The inhibitory effect of ginsenoside on KLK5 was measured in the same manner as in Example 1. The samples were divided into four groups from group A to group D. Group A only contained KLK5 and was a blank control group. Group B to group D were the same as group A except for KLK5, but added 10uM, 100nM, and 1nM ginsenosides respectively. Samples were taken every 45 seconds to measure enzyme activity.
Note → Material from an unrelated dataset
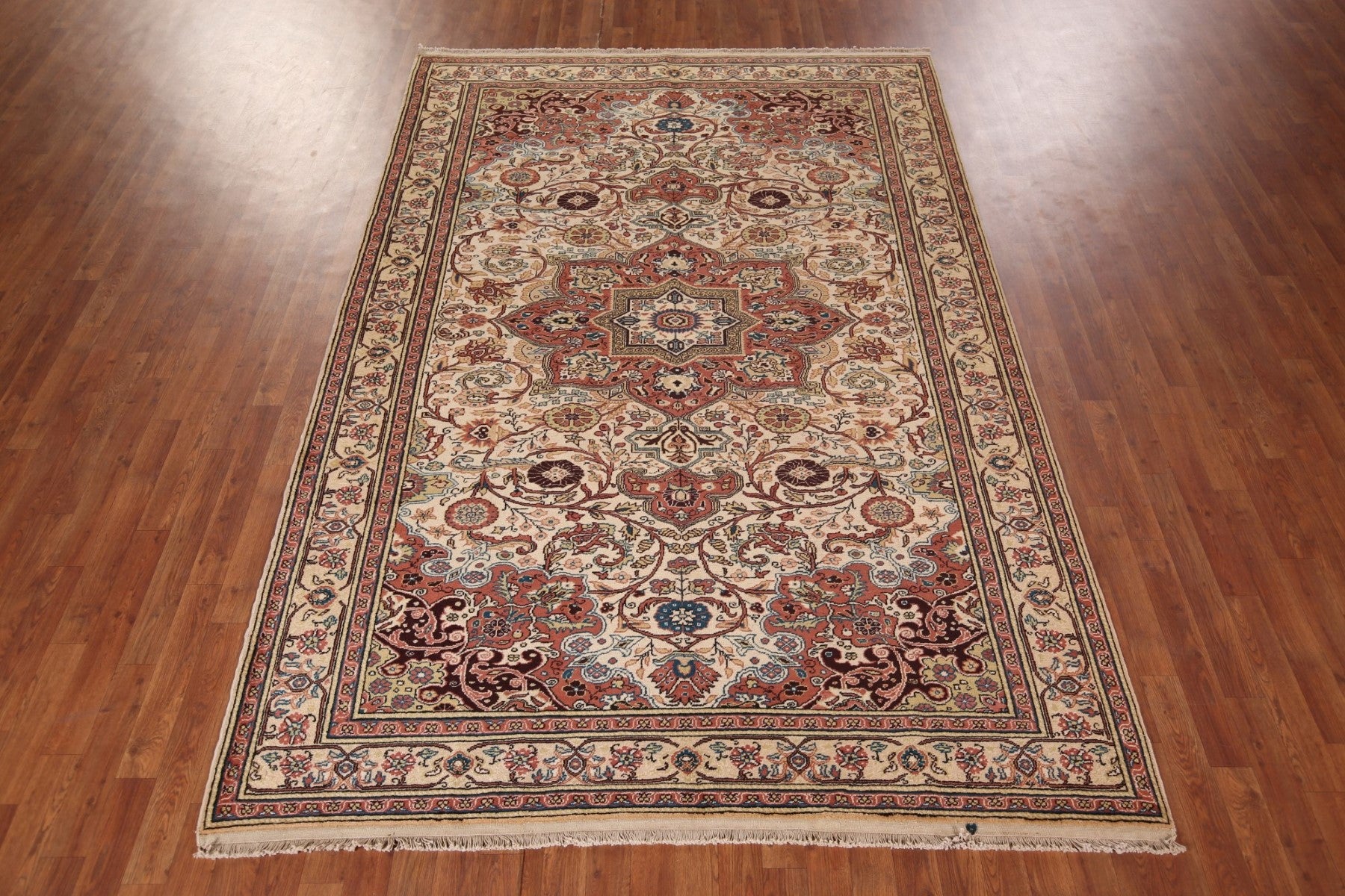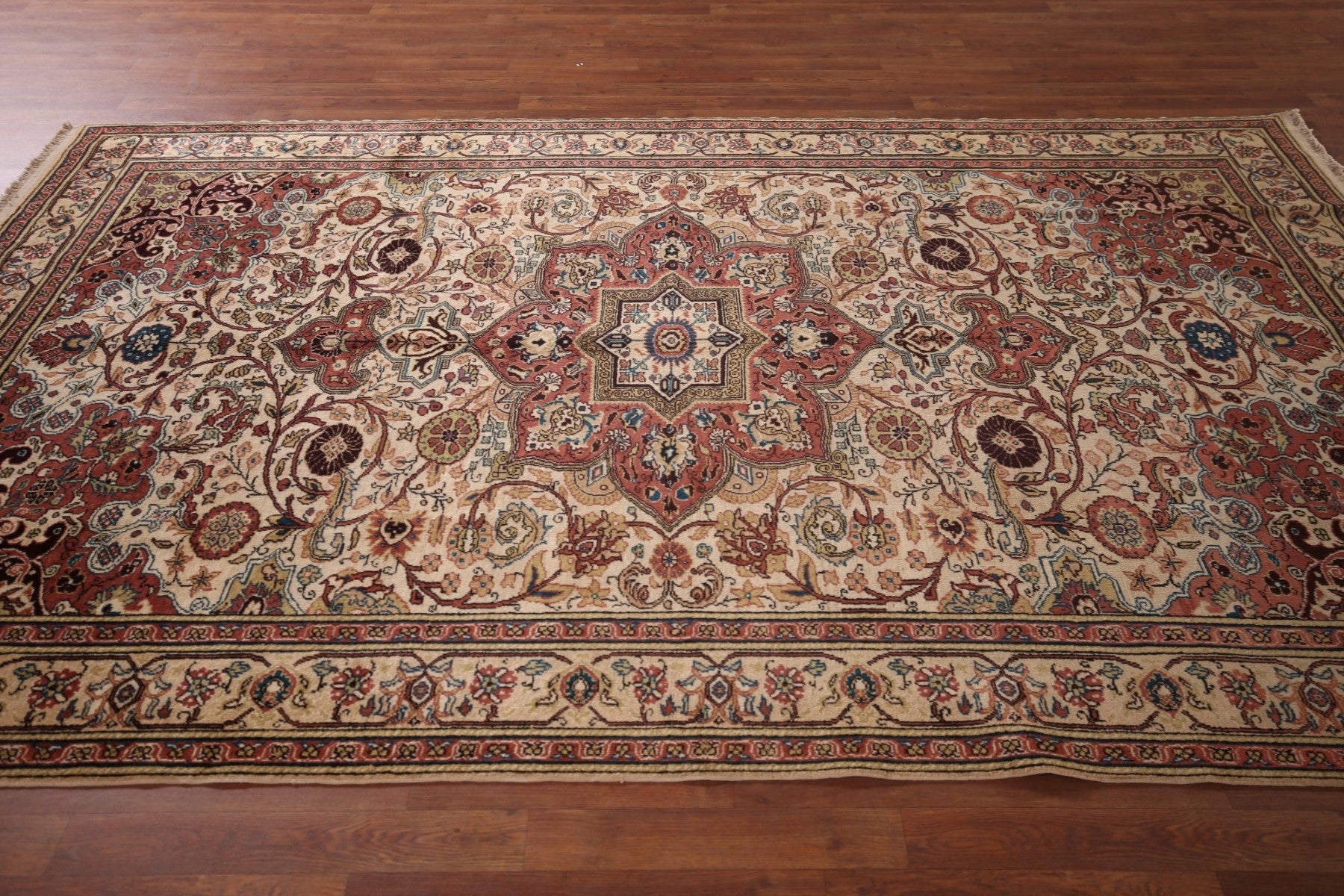 A Beautiful Genuine Turkey Anatolian rug is Hand Knotted by skillful weavers in Turkey with 100% Wool Material. This rug is in Excellent condition. dimensions are 9' 7'' X 6' 5'' in foot and 292 X 196 in centimeter. the primary color is Beige & Ivories.

The activity curves are shown in Figure 4. From top to bottom in the figure are the activity curves of Group B, Group C, Group D and Group A respectively.
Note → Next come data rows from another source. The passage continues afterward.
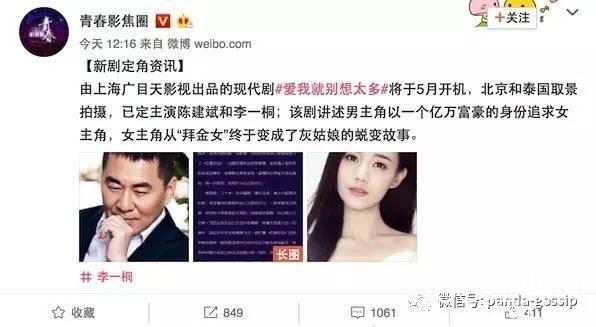 剧名叫《爱我就别想太多》,已经定了主演是陈建斌和李一桐,5月份就开机了,讲的是亿万富豪男主角追求女主角的爱情故事。
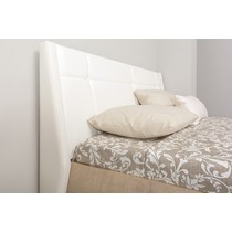 Двуспальная кровать Муссон 11.28 Н выполнена в сочетании белого с теплым древесным оттенком дуба эндгрейн.
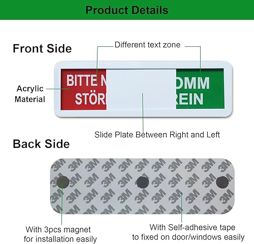 BITTE NICHT STÖREN - KOMM REIN Türschild 18 x 6 x 0.6cm aus Acryl-Kunststoff Privatsphäre Türschild mit 3M Klebefläche und Schiebefunktion Wendeschild - 1 Stück
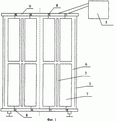 Известное устройство работает следующим образом. Раздвижная конструкция корпуса обеспечивает прохождение пациента внутрь камеры для принятия процедуры. После того как пациент займет место на подставке, одновременно включается питание ламп и двигатель приводит в движение экраны.
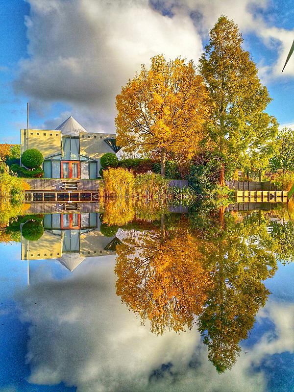 Reflectie van het gebouw van Avesz Art in Heerhugowaard.
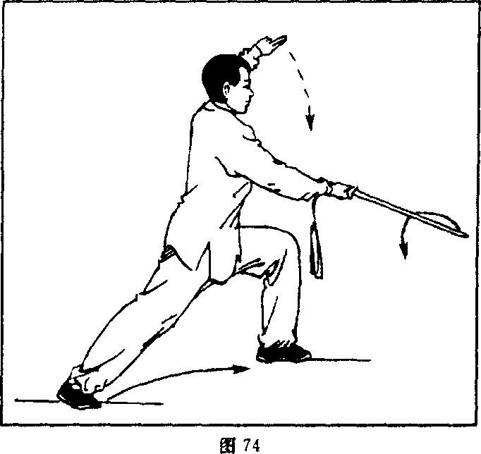 上,臂呈弧形举于头左斜上方,手心朝上;目视剑尖(图74)。
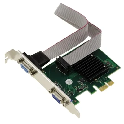 Connects to a computer's PCIe port and allows you to add two VGA displays to duplicate or extend your display on monitors. Compatibility: Compatible with Windows 7, 8, 8.1, 10, 11 as well as Linux (Ubuntu, Fedora, RedHat...). Chipset: Silicon Motion SM750 Dual DAC 300MHz Built-in 16MB DDR. 90°, 180° and 270° display rotation possible. 128-bit 2D graphics engine: ROP3, BitBLT, transparent BLT, patterned BLT, color expansion, line drawing, YUV to RGB 16/32 bit conversion. Support 7 Layers Display: 2 hardware sliders, main graphic, video, alpha video, alpha, secondary graph. Compatibility with ITU601 and ITU656 standards, V to RGB 16/32 bit conversion. Features 2 VGA DB15 ports, maximum resolution up to 1080p or 1900x1200. Intended use: office only (no 3D motor) Comes with low profile and high profile brackets.

From Figure 4 of the changes in KLK5 protease activity, it can be seen that ginsenoside has no inhibitory effect on KLK5 at all.

Example 3

The MK-7 is added to the emulsion as a small molecule kallikrein inhibitor. The formula is as shown in Table 4. The emulsion can quickly and effectively inhibit the overexpression of kallikrein, promote the balance of proteases and their inhibitors, and repair damage. skin barrier.

Table 4 Emulsion 1

Example 4

Astaxanthin is added to the emulsion as a small molecule kallikrein inhibitor. The formula is shown in Table 5. The emulsion has the function of repairing the damaged skin barrier.

Table 5 Emulsion 2

Claims (5)

1. The application of polyterpenoids as kallikrein inhibitors in cosmetics, wherein the polyterpenoids are selected from vitamin K2, coenzyme Q or carotenoids. 2. Application according to claim 1, characterized in that the vitamin K2 is selected from the group consisting of vitamin K2 (MK-4), vitamin K2 (MK-7), vitamin K2 (MK-8), DMK-7 or DMK-8. 3. The application according to claim 1, characterized in that the coenzyme Q is coenzyme Q6, coenzyme Q7, coenzyme Q8, coenzyme Q9 or coenzyme Q10. 4. Application according to claim 1, characterized in that the carotenoid is selected from the group consisting of lycopene, β-carotene, canthaxanthin, zeaxanthin, astaxanthin, lutein, and capsanthin. pigment, neurosporin, antheraxanthin or cryptoxanthin. 5. Application according to claim 1, characterized in that the polyterpenoid compound is selected from vitamin K2 (MK-7) or astaxanthin.